* [Your instructions] The reply should match the listing below character for character, except that no image is carried over.

* [Material provided]
=== Section Start ===

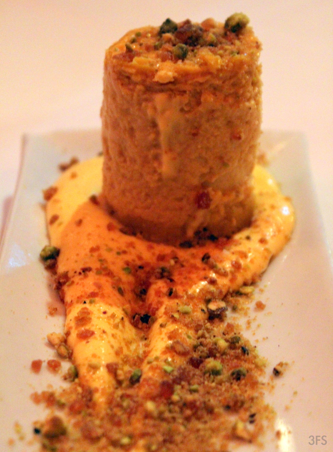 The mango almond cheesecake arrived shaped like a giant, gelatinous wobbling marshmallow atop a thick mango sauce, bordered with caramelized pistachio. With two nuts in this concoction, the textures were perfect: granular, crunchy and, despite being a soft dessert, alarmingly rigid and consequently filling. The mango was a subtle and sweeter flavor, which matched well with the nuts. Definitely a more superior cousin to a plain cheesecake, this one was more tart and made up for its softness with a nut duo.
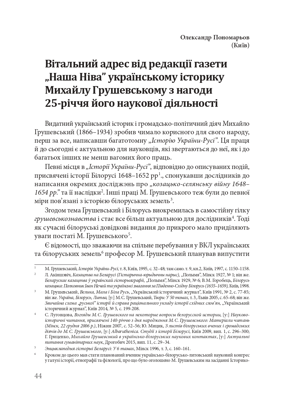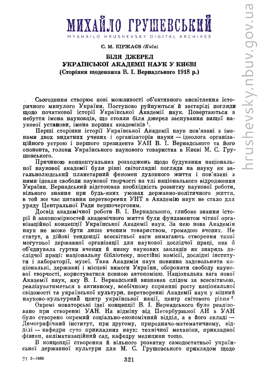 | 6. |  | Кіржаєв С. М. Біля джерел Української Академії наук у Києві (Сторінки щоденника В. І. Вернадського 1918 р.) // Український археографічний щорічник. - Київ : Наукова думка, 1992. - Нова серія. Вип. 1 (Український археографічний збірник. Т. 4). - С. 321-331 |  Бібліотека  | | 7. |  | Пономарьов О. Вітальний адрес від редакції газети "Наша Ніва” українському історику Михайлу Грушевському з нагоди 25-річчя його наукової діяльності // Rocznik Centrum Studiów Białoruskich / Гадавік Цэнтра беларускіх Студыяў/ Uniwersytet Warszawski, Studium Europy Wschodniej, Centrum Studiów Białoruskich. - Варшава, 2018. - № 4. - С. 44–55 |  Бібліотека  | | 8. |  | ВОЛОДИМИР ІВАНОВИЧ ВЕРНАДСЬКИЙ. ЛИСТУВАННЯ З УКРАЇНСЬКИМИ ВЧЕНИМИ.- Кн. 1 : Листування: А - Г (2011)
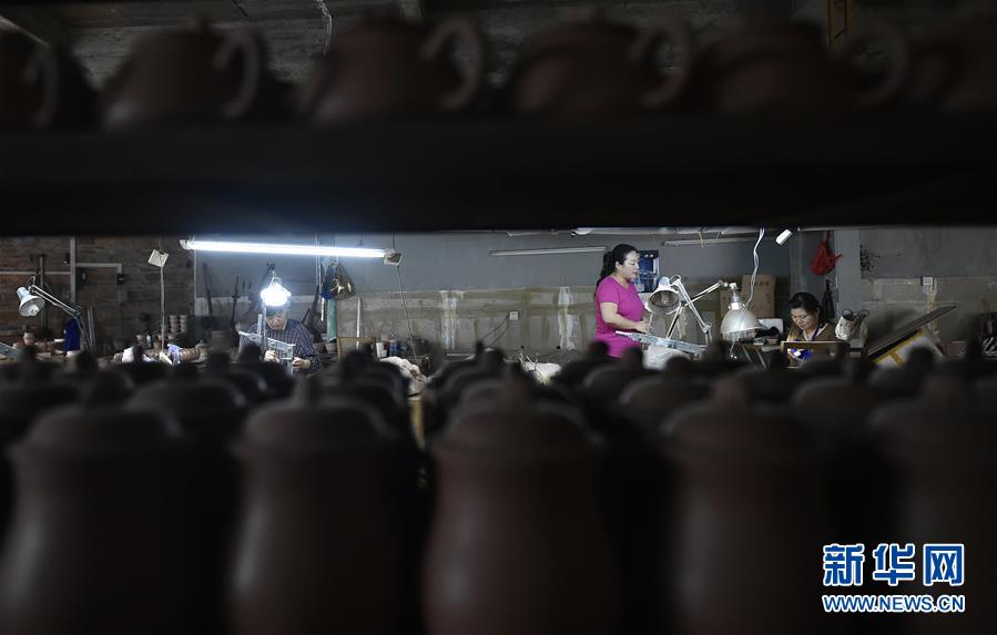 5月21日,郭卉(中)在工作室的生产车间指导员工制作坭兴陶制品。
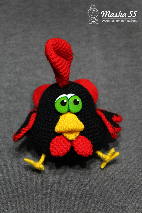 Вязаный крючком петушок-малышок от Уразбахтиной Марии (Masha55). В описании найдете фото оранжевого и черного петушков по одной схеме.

=== Section End ===

* [Solution for this task]
 The mango almond cheesecake arrived shaped like a giant, gelatinous wobbling marshmallow atop a thick mango sauce, bordered with caramelized pistachio. With two nuts in this concoction, the textures were perfect: granular, crunchy and, despite being a soft dessert, alarmingly rigid and consequently filling. The mango was a subtle and sweeter flavor, which matched well with the nuts. Definitely a more superior cousin to a plain cheesecake, this one was more tart and made up for its softness with a nut duo.
 | 6. |  | Кіржаєв С. М. Біля джерел Української Академії наук у Києві (Сторінки щоденника В. І. Вернадського 1918 р.) // Український археографічний щорічник. - Київ : Наукова думка, 1992. - Нова серія. Вип. 1 (Український археографічний збірник. Т. 4). - С. 321-331 |  Бібліотека  | | 7. |  | Пономарьов О. Вітальний адрес від редакції газети "Наша Ніва” українському історику Михайлу Грушевському з нагоди 25-річчя його наукової діяльності // Rocznik Centrum Studiów Białoruskich / Гадавік Цэнтра беларускіх Студыяў/ Uniwersytet Warszawski, Studium Europy Wschodniej, Centrum Studiów Białoruskich. - Варшава, 2018. - № 4. - С. 44–55 |  Бібліотека  | | 8. |  | ВОЛОДИМИР ІВАНОВИЧ ВЕРНАДСЬКИЙ. ЛИСТУВАННЯ З УКРАЇНСЬКИМИ ВЧЕНИМИ.- Кн. 1 : Листування: А - Г (2011)
 5月21日,郭卉(中)在工作室的生产车间指导员工制作坭兴陶制品。
 Вязаный крючком петушок-малышок от Уразбахтиной Марии (Masha55). В описании найдете фото оранжевого и черного петушков по одной схеме.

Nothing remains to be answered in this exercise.